= Scott T. Ford =

American chief executive

Scott T. Ford was president and chief executive officer of Alltel from 2002 to 2009.

==Life==
A graduate of the University of Arkansas, Ford worked for Merrill Lynch and Stephens Inc. In 1996 he joined Alltel as executive vice president with responsibility for Alltel's communications businesses and the corporate staff. He was named president in 1997, assumed the additional duties of chief operating officer in 1998, and was named chief executive officer in 2002. After selling Alltel to Verizon for $28 billion in 2007, Ford joined the advisory council of Rwandan President Paul Kagame.
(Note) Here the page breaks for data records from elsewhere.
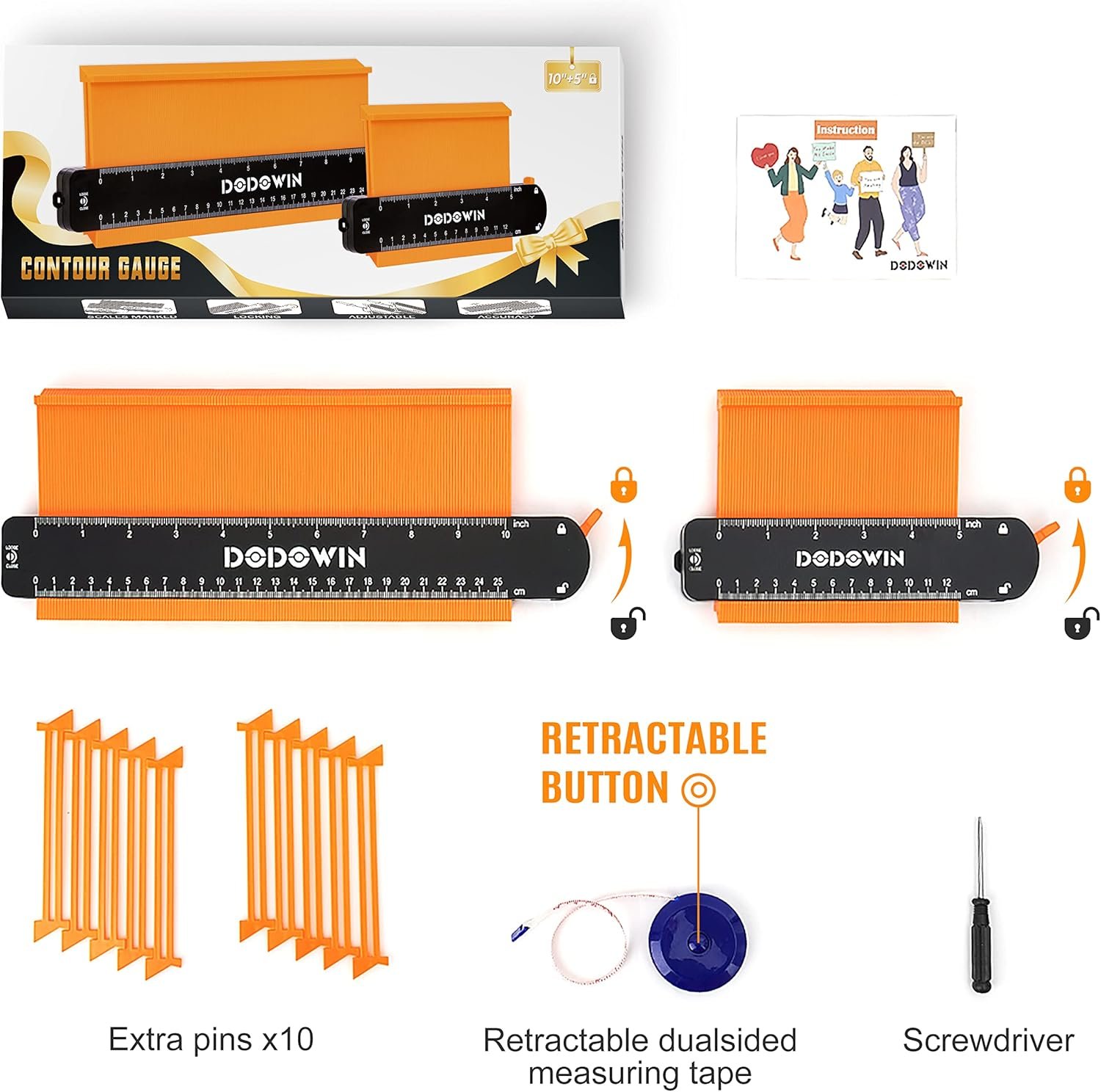 【Contour Gauge Tool】Package included: 1 × 5” deepen contour gauge duplicator, 1 × 10” deepen contour gauge and 2 × freegift-retractable dual sided measuring tape, screwdriver. Contour gauge with lock can keep the shape unchanged, measuring and copying a profile accurately for winding pipes, woodworking, circular frames,car bodies, carpentry and for all kinds of modelling etc.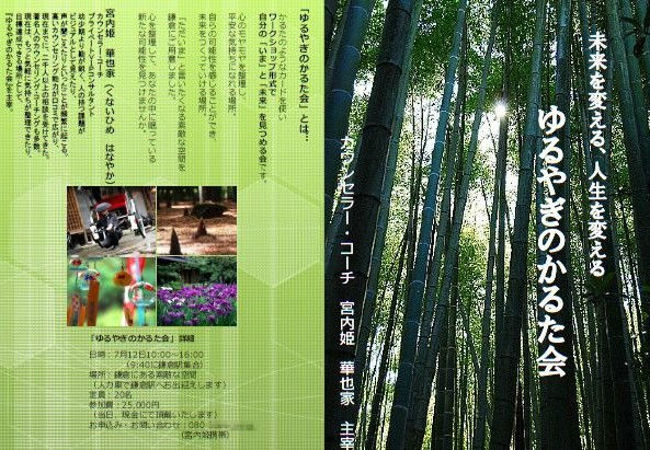はなやか姫のワークショップ「ゆるやぎのかるた会」のチラシです。(定員を増やしたそうです)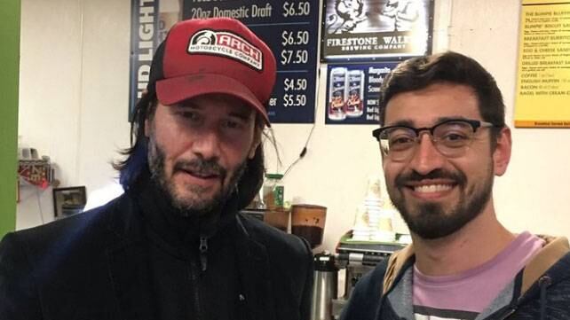 Un pasajero publicó una foto de él mismo de pie junto al barbuda Reeves, que lleva una gorra Arch biker «Esa vez, cuando tu vuelo casi se estrella y tiene que aterrizar en un aeropuerto remoto, al menos Keanu Reeves está teniendo un mal día como tú», escribió el pasajero Amir Blum en Twitter.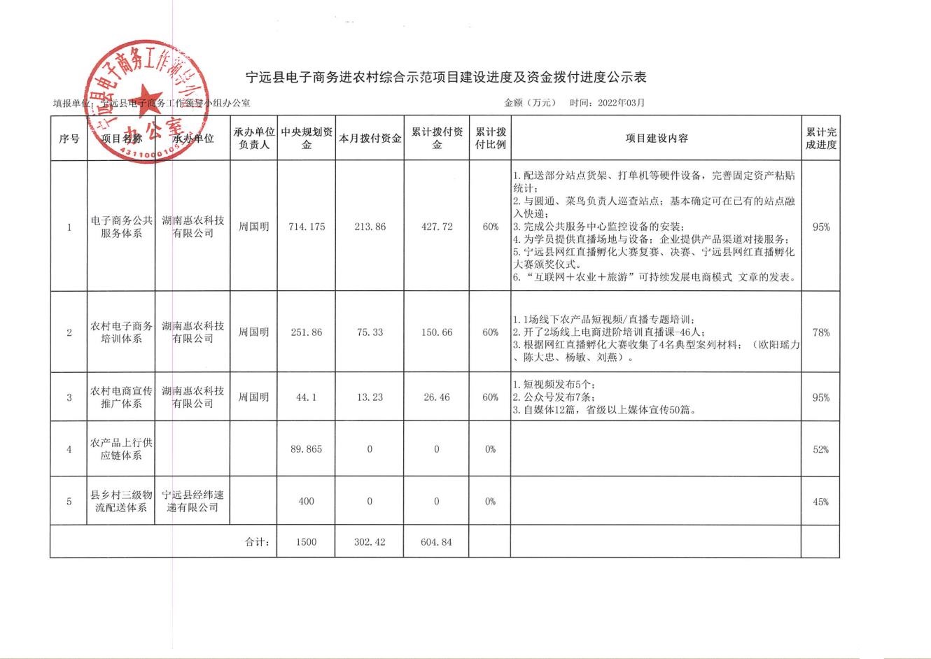 宁远县电子商务进农村综合示范项目建设进度及资金拨付进度公示表2022年3月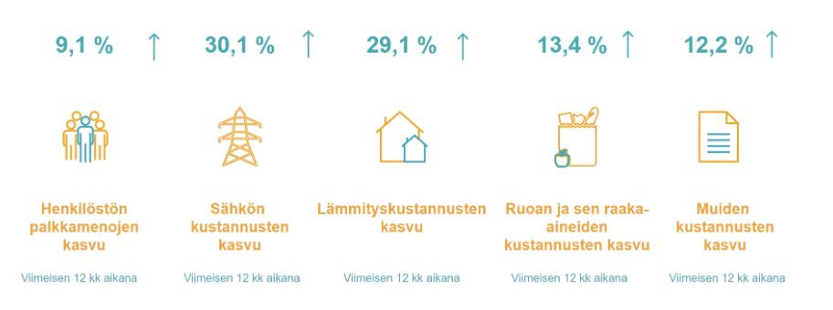 Kyselyn tuloksista käy ilmi, että kustannukset ovat nousseet keskimäärin 18,8 prosenttia ympärivuorokautiselle palveluasumiselle tyypillisissä kustannusluokissa viimeisen 12 kuukauden aikana. (Katso liitteenä oleva kuva, jossa eri kustannusluokat on eritelty.)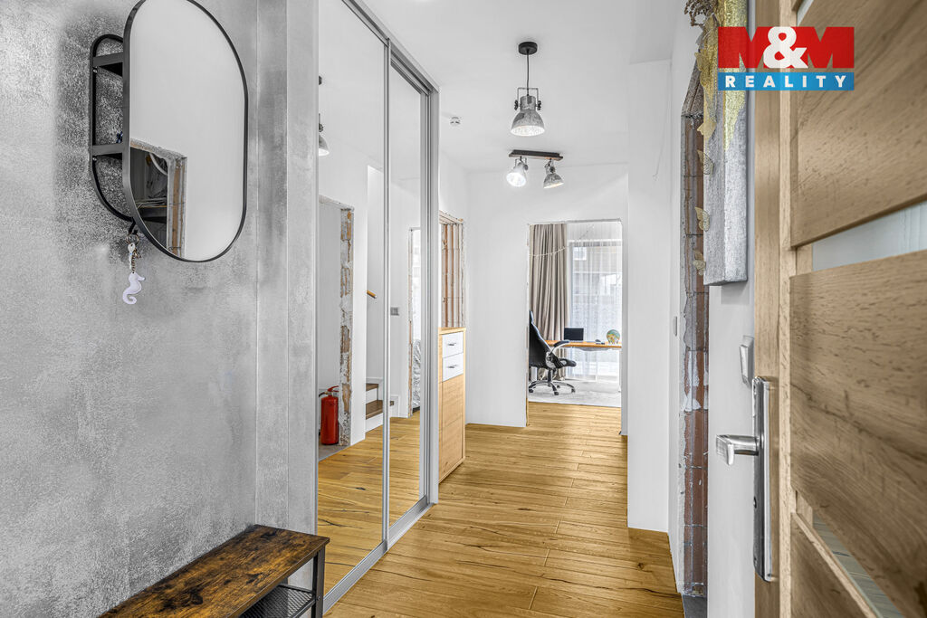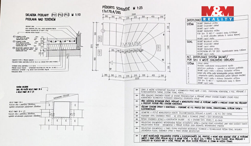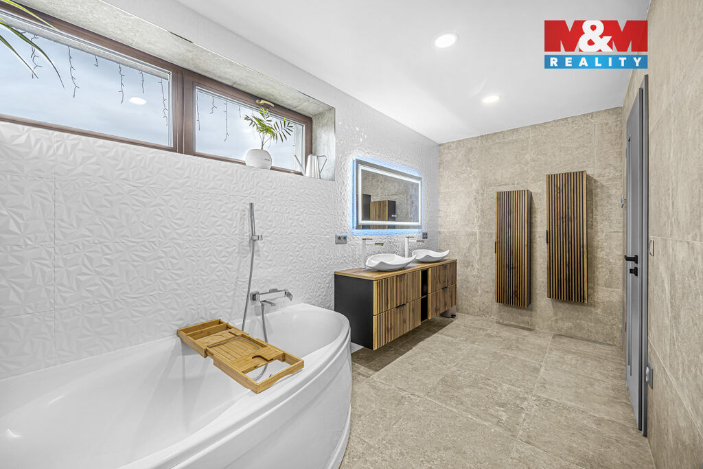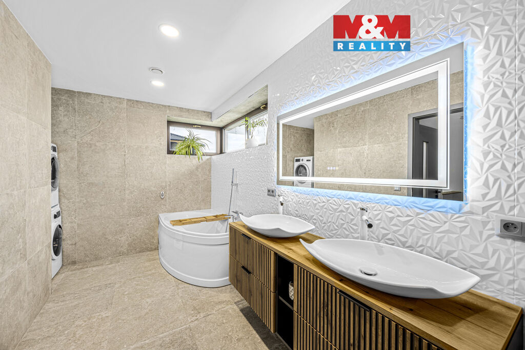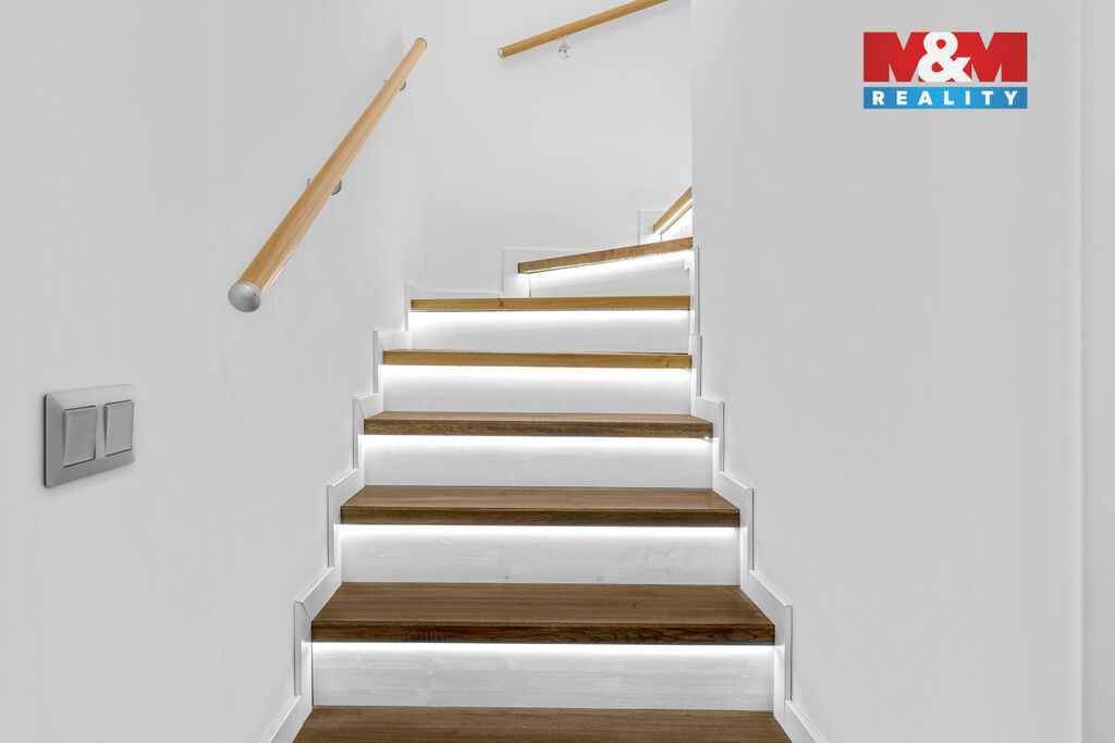 Dispozice: prosvětlený obývací pokoj s jídelnou a kuchyní (příprava na ostrůvek), pracovna, koupelna a technická místnost. V patře tři ložnice, šatna a koupelna s vanou. Zaujmou i moderní designové omítky a nevšední, velmi vkusně řešené interiéry koupelen.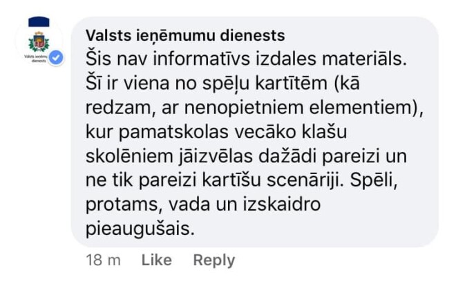 Tomēr līdz šim izmantotos skolu programmas „Dzīvei gatavs” izmantotos spēļu kartīšu tekstus VID Jauns.lv liedzās atklāt. „Kā jau skaidrojām, sociālajos tīklos publicētais attēls ir tikai viena no teju trīsdesmit spēlē iekļautajām izvēlēm saistībā ar nodokļu maksāšanu. Tās nav paredzētas patstāvīgai izmantošanai ārpus nodarbības, jo neviena no šīm izvēlēm nav analizējama ārpus spēles konteksta. Visas izvēles spēles gaitā lektora vadībā tiek pārrunātas nodarbības laikā,” teica Teice-Mamaja.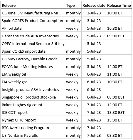 - The US holiday tomorrow will delay the release of the oil inventory data later this week.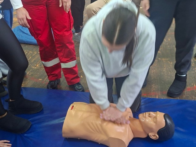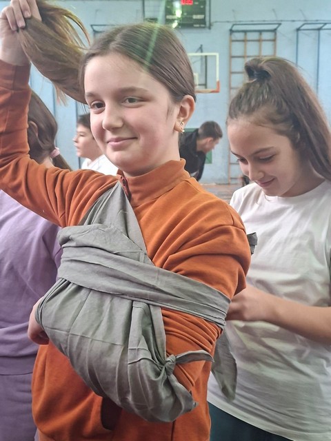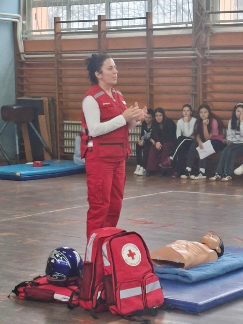 Под стручним вођством Весне Драмлић, председника Црвеног крста општине Лучани и предавача прве помоћи, ученици 6., 7. и 8. разреда учили су и вежбали како да се снађу у ситуацији када морају да помогну особи која је изгубила свест, крвари, има прелом, опекотине, епилептични напад или тровање. Ученици су имали прилику да вежбају једни на другима и разјасне евентуалне недоумице.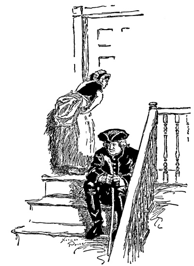 Dick. I’d a deal of trouble to give the letter to the old gentleman in the Temple. Frank, the black man-servant, said at first that his master, who could write a great book like the dictionary, all out of his own head, had no call to be bothered with forward London lads. Then he made me wait a long time while Dr. Johnson drank tea with [Pg 212] Miss Williams, the little old blind lady that lives there. But at last the Doctor read your letter and gave me this one for you, with a penny for myself. Then he called very loud for a man-servant, and said a lot of things I couldn't rightly understand, the words were so long; but he said “Scatter-brain!” at the end. Could that mean you, sir?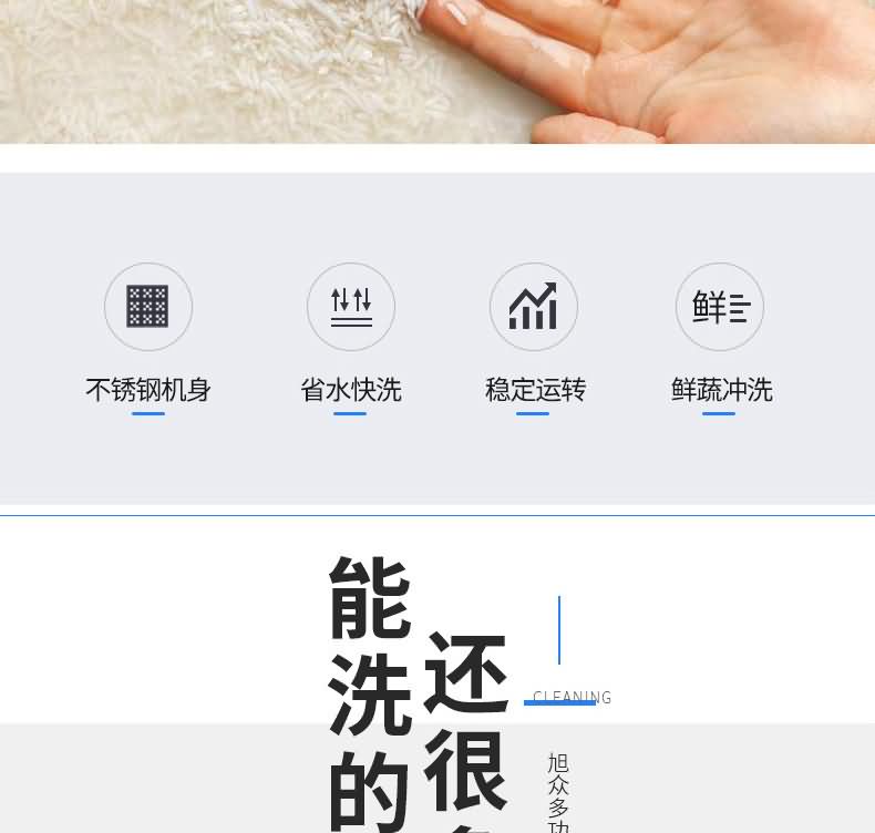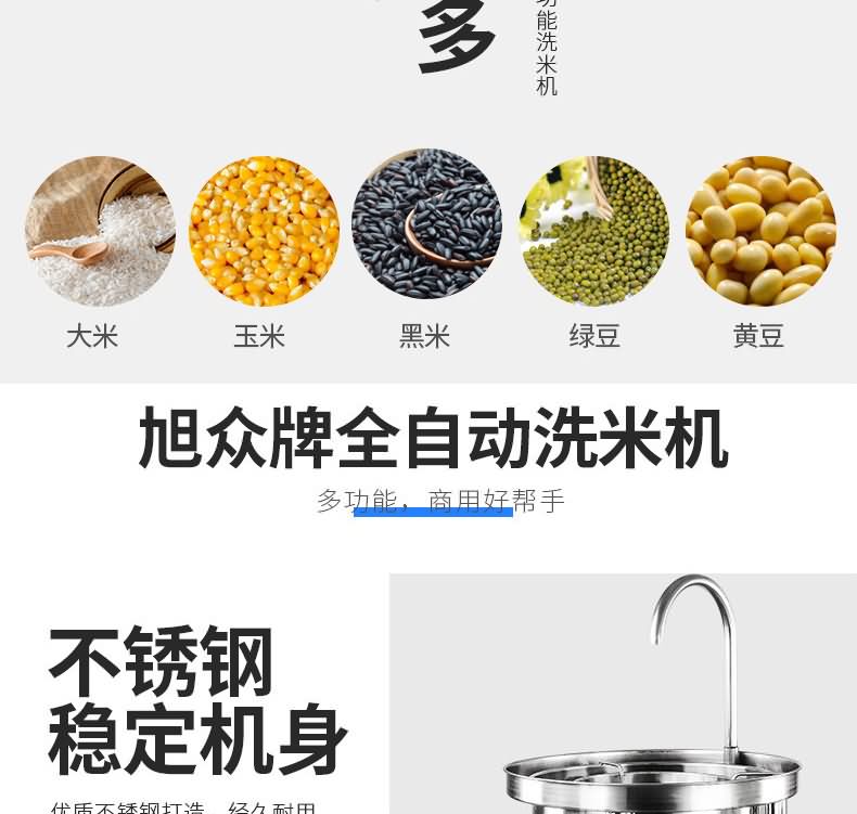 适用于大米、小麦、玉米、豆类等颗粒粮食淘洗。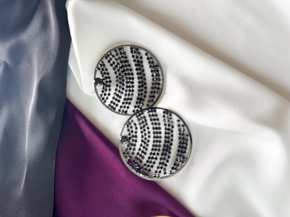 Sleek, sculptural, and designed to shine. These 2" earrings feature an open circular silhouette with three polished horizontal bands, each one delicately encrusted with diamond-like stones for a refined sparkle. Available in gold, silver, or a bold black-on-black version, they strike the perfect balance between contemporary edge and timeless elegance.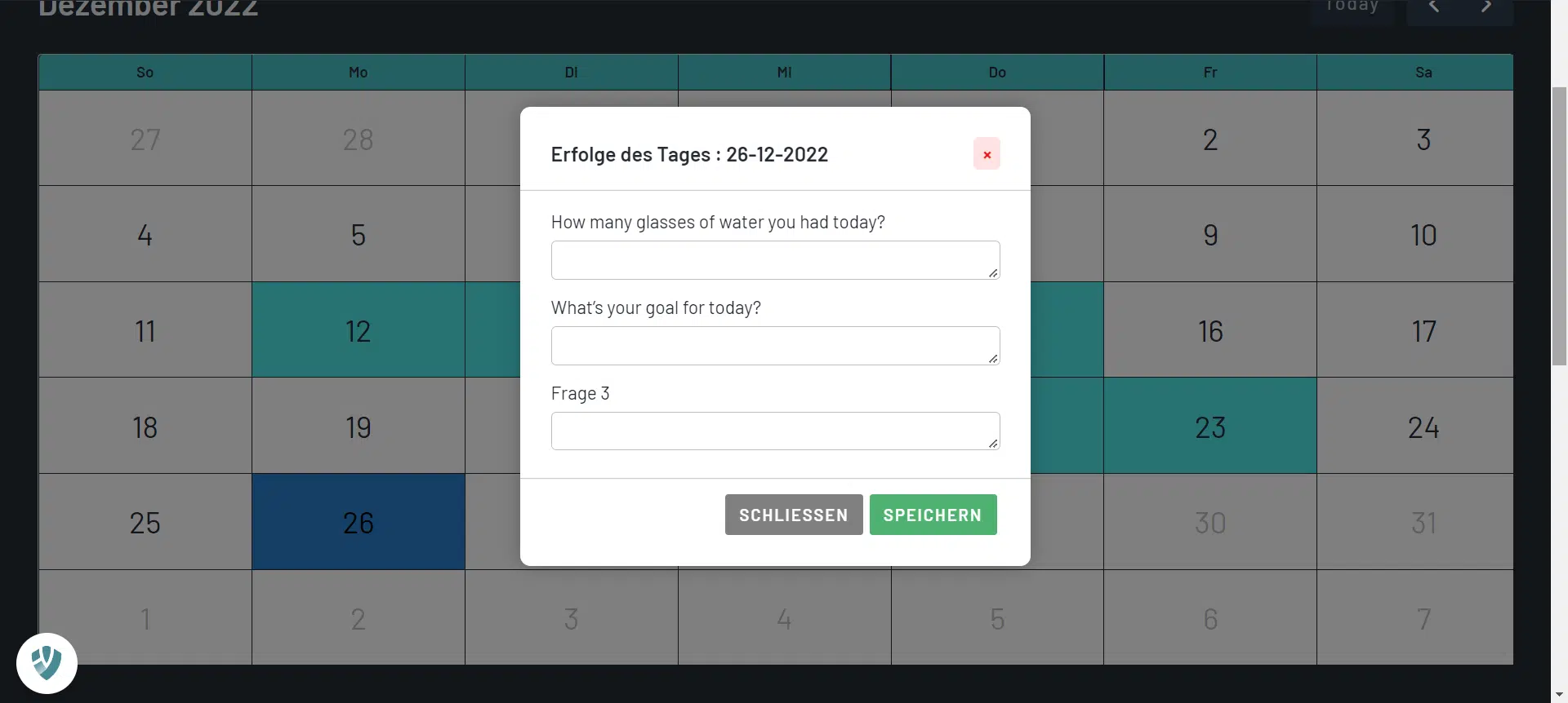 Develop a smart calendar diary plugin for a website, allowing users to add personal memos or diary notes with customizable questions defined by the admin.
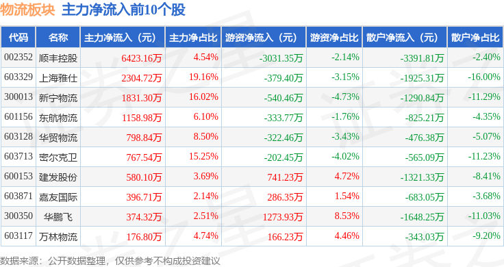 从资金流向上来看,当日物流板块主力资金净流出9434.34万元,游资资金净流入2910.38万元,散户资金净流入6523.97万元。物流板块个股资金流向见下表: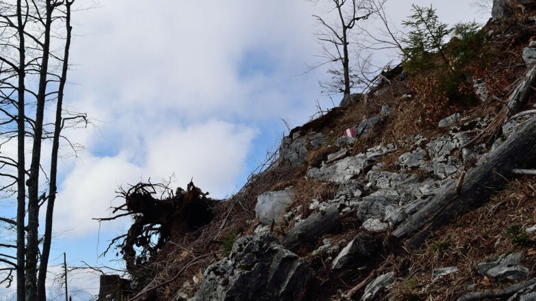 Vom Parkplatz beim Gasthaus geht es nach norden auf einem Forstweg über einen Bachlauf. Beim Wegweiser dann rechts auf den schmalen Steig 433. Dieser zieht sich stetig moderat ansteigend den Waldhang hinauf. Dabei wird zwei mal ein Bachlauf gepuert. Der erdige, wurzelige Steig führt zu einer Jagdthütte dahinter in nordwestlidhe Richtung bis zur Lichtung. Hier zweigt der Steig zum Mittagstein (Raukogel) nach rechts ab. Wir halten uns links und folgen dem Steig. Überall Totholz und umgestürzte Bäume. Auf dem Kamm hat man dadurch stetig gute Sicht auf das Tote Gebirge. Nach knapp 3 Std. steht man am Gipfel mit Weitblicken ins Alpenvorland und zu den 2000er des Toten Gebirges. Zurück geht es auf der selben Route.

Alltel was the fifth largest U.S. wireless provider. Ford was a director of the Little Rock Branch of the Federal Reserve Bank of St. Louis and on the board of directors for Tyson Foods, Inc., and the Cellular Telecommunications and Internet Association (CTIA). In 2007, he received an honorary doctorate from The King's College. In 2009, he was named to The King's College's board of trustees.

In June, 2012 Ford joined AT&T's board of directors.

Scott and his father Joe T. Ford formed Westrock Group, which maintains and operates businesses in alternative investment management and coffee, including exporting, trading, roasting, and hospitality.